D2D, in principle, is just having a backup file (GNU tar file) on another disk. So copying all files to another copy is not really D2D backup. Copying all files to another directory gives you the ability to access to your backup'ed files directly. In some sense, copying-all-the-files method is comparable to flash backup (Veritas term).

Flash backup is used when there are too many files to be backed up. For example, a customer of mine have 2 TB (2 Terabyte) of data. However, they are having problems with their backup. They couldn't finish their backup within 3 days. The reason? They have too many files. (20 million files). For a system to open a file, write the data to backup, then close a file. A lot of time is spent opening a file, closing a file. With 20 million files, they need to opt for a flash backup or flash copy. Because flash backup will copy the whole volume to another space block-by-block not by file. Their backup window is reduced from 3 days to 8 hours.

The advantage of flash backup is that the customer can browse their backed up files. Since flash backup also copies the FAT (File allocation table) that would allow their users to browse through the 'flashed' backup.

And What About What I Mentioned Yesterday About Storage Service Provider?

Storage Service Provider is is a company that provides storage space and related management services. SSPs also offer periodic backup and archiving and the ability to consolidate data from multiple company locations so that data can be effectively shared.

Storage Service Providers are not new. There were a lot of them during Dot-com. Back then there were Network Service Provider, Storage Service Provider, Internet Service Provider, and more providers than I ever remember.

During Dot-com days, there were a number of SSPs that tried to convince a number of customers to outsource their storage system to SSPs. They failed because the price (FC-AL technology was the only SAN technology then), the new market (noone would outsource their data to a new service provider), the downturn of Dot-Com (many IT companies were wiped out during those few years). SSPs that survived Dot-Com crash became Storage Software companies. These companies are Creekpath and Storability.
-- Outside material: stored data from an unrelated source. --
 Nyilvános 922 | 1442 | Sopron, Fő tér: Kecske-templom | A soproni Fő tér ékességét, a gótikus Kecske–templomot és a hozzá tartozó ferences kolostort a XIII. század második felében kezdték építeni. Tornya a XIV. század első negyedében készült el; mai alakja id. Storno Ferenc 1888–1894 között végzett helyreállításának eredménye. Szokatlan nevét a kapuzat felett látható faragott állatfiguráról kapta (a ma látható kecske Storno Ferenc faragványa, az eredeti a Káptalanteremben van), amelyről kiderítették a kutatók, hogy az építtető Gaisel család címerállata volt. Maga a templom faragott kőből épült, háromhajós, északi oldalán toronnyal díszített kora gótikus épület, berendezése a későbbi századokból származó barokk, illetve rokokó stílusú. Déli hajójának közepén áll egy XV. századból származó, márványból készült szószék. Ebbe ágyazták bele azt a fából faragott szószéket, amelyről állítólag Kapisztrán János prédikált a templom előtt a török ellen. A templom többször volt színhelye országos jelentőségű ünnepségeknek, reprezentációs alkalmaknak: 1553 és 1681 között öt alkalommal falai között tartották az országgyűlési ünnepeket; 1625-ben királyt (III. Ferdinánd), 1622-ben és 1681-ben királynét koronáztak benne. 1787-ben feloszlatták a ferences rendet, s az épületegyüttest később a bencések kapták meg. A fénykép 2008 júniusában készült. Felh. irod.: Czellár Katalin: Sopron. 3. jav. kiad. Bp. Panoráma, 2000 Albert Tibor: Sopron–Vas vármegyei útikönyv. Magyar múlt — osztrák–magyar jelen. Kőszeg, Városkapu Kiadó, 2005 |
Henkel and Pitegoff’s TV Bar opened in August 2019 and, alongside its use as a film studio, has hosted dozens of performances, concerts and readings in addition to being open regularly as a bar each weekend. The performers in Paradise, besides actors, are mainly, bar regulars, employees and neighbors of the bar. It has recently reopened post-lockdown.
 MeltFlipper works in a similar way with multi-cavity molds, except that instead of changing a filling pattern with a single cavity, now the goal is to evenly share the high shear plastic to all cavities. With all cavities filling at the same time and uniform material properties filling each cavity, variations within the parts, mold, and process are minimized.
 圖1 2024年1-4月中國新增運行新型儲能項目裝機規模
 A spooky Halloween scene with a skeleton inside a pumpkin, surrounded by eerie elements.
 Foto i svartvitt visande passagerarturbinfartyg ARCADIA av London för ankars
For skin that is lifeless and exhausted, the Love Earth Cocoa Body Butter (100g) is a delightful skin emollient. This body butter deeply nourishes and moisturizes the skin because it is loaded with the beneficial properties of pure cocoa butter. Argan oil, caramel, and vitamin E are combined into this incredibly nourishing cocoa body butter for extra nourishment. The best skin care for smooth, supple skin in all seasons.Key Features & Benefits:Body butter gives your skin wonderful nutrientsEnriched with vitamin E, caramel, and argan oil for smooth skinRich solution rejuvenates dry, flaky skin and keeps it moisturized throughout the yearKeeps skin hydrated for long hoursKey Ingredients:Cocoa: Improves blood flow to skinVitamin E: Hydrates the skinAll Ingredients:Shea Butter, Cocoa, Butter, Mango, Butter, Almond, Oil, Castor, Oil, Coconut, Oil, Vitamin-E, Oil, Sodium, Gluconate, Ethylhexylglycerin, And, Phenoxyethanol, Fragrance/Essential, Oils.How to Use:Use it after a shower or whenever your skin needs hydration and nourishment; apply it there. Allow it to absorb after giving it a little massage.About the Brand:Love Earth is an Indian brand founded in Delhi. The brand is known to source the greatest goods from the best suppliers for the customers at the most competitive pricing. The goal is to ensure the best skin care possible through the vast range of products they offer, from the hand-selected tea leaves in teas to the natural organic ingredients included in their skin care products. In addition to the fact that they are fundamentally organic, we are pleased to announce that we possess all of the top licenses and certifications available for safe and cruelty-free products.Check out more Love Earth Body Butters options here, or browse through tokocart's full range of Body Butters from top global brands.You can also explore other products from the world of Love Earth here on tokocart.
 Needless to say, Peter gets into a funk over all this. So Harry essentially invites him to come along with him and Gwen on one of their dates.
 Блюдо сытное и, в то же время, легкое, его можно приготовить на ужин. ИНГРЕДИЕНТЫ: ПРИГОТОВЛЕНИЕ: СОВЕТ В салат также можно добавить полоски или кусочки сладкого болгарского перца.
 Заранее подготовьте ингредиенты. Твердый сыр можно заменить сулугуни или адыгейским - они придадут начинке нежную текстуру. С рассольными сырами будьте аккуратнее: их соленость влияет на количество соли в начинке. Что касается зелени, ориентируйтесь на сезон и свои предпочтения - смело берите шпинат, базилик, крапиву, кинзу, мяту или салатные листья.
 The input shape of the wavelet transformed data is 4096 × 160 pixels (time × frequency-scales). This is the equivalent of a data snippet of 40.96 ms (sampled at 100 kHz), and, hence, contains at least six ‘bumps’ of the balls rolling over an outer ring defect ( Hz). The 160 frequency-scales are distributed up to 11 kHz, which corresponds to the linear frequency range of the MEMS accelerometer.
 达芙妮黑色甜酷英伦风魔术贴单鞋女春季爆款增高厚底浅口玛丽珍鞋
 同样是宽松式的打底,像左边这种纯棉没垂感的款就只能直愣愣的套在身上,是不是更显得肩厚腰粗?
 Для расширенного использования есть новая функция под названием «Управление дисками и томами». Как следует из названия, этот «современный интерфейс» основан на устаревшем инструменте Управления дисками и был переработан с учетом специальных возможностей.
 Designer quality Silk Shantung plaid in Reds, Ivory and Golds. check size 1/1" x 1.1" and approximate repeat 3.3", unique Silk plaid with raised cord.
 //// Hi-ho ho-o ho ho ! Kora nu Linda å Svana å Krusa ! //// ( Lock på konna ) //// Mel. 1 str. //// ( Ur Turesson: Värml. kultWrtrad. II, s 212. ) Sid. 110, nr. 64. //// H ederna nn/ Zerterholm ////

The next question is why now? Why SSP market is going to grow in the next couple of year?

1. Downturn of US economy is almost over (and some of the western economies)
2. Storage demand still grows at the same rate or more than ever before but IT budget only grows slightly (IDC report August 2005), so storage must be managed more efficiently
3. Business continuity requirement - sign up for a replication service is a good idea to satisfy this requirement. From a storage standpoint, data must be replicated so corporate data will be available at the time of disaster.
4. Regulatory requirement - SOX, HIPPA, ISO 17799, and more
5. New storage technologies that lower costs - virtualization, iSCSI (IP SAN), 10GigabitEthernet network, MPLS technology.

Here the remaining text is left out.